Diversity a strength for graduating New London seniors
New London — A city native and New London High School graduate, Felix Reyes told graduating seniors that he credits his upbringing in the city and its rich diversity with giving him an edge as he climbed to positions of responsibility in the corporate world.
“It was kickball at State Pier, marbles on Federal, delivering newspapers on Colman Street, cookouts on Laurel Drive and playing basketball at the Martin Center,” Reyes said.
“In the home that I grew up in and where my parents still reside today ... across the street was an Asian family, to our left an African-American family, at 2 o’clock a Jewish family and, to the right," a Caucasian family, he said. “The diversity is very special in this city. I tell you there is an advantage there."
Reyes, recently hired as the city’s director of the Office of Development and Planning, addressed the more than 220 graduating seniors at Tuesday’s commencement for the New London High School and Science and Technology Magnet High School of Southeastern Connecticut. Both schools are located on the same campus.
The diversity Reyes spoke of was evident in the faces of the seniors and the families who cheered them on Tuesday.
The class included 46 students who earned a Seal of Biliteracy, an acknowledgment of proficiency in English and at least one other language.
Ana Ruiz, 18, who is fluent in English and Spanish, was among that group and proudly wore a “para mi familia” message on her cap as she walked with classmates onto Cannamela Field as the band played "Pomp and Circumstance."
“They’re so happy for me,” Ruiz said of her family. “I’m happy we all made it.”
Nicole Stacy, an 18-year-old transplant from the Philippines, was similarly excited. She is fluent in English, Tagalog and Ilocano.
“Finally, after four years I’m going to graduate,” she said.
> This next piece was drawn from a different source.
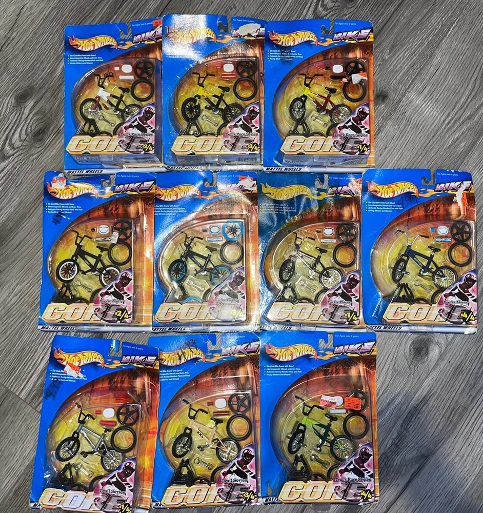 Vintage 2000 Mattel Hot wheels Bike Core Bundle - 10 Total. Troy Lee Series 1/4, 2/4, 3/4, 4/4 (complete series) Track Race Series 1/4, 2/4, 3/4, 4/4 (complete series) Trail Series 1/4 and 3/4 New in package. The boxes were stored so not in pristine condition but still sealed. There is 1 package that had some water damage as shown in picture. Please see photos. Please feel free to check out my other ionones for bumbling discounts
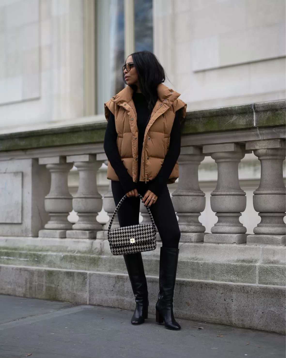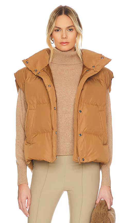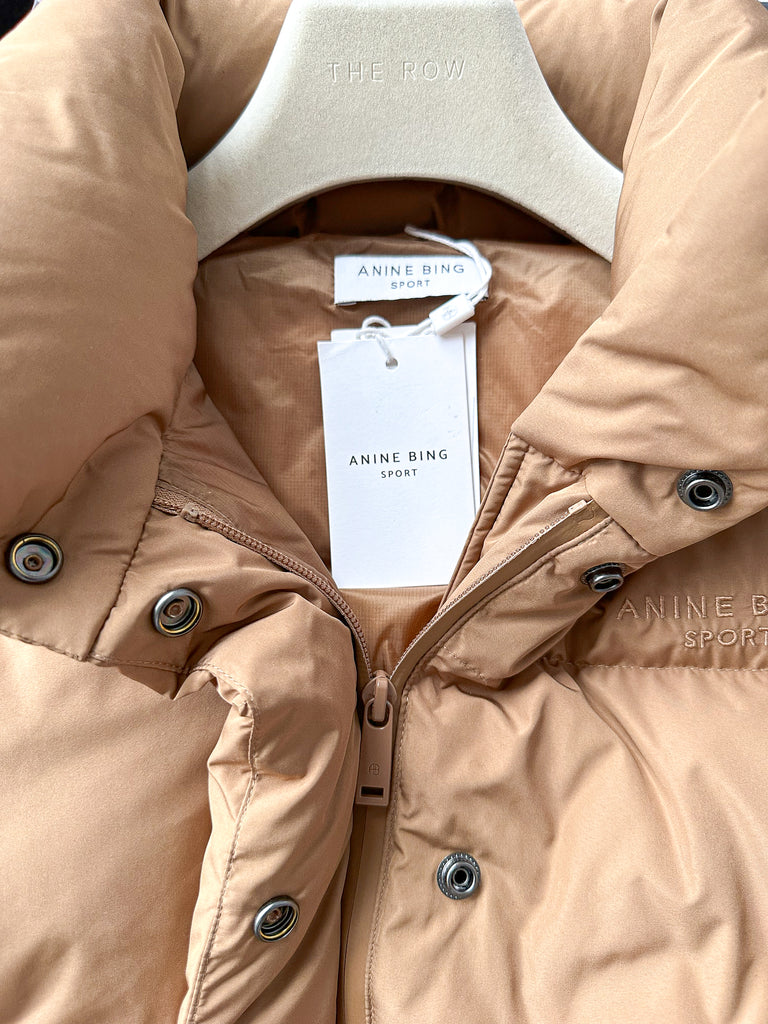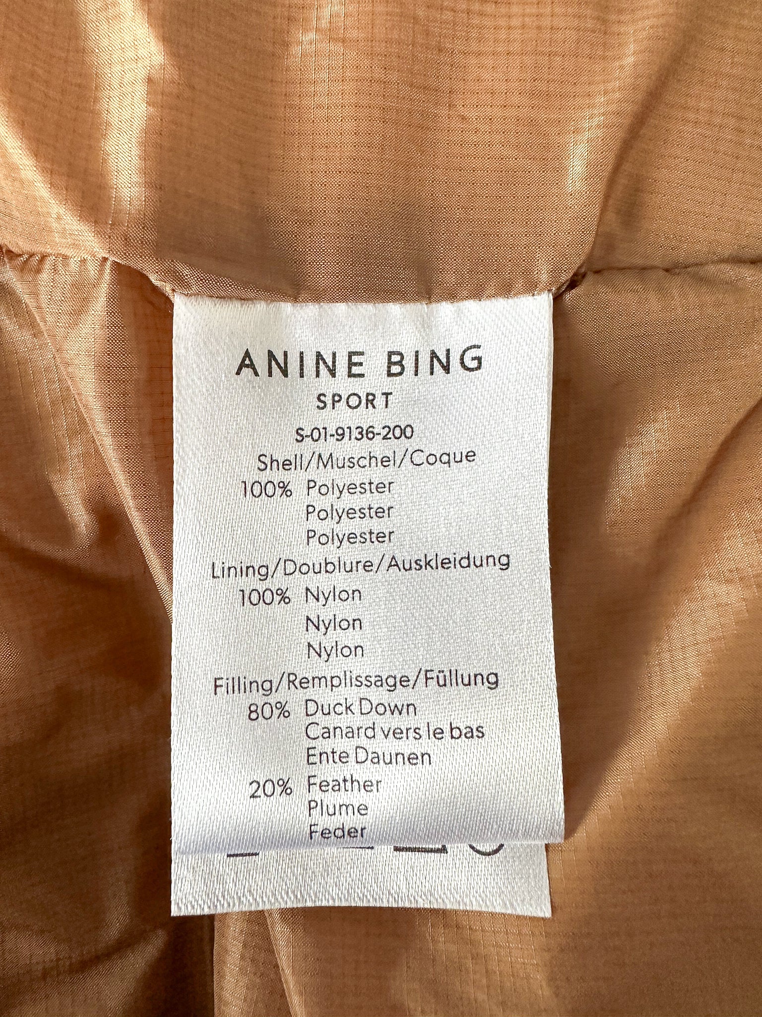 Gilet sans manches marron matelassé en duvet de canard brodé du logo Anine Bing

Tuesday’s ceremony was highlighted by class speaker and valedictorian Chris Jensei Alemania, who managed to earn a grade point average of 4.801, said STEM Magnet High School Director Laurelle Texidor.
Alemania told fellow seniors that to use their brains and hearts.
“We need passion, discipline, consistency and intelligence. 'You are what you repeatedly do,' Artistotle once said. To be successful, you must make a habit out of excellence,” Alemenia said.
He said education was the key to being prepared for opportunities but that “school doesn’t equal education.”
“It doesn’t matter if you go to Yale. It doesn’t matter if you go to Harvard or go to some community college or are not going to college at all,” he said. “As Mark Twain once put it, ‘I never let school interfere with my education.’ We control our own education."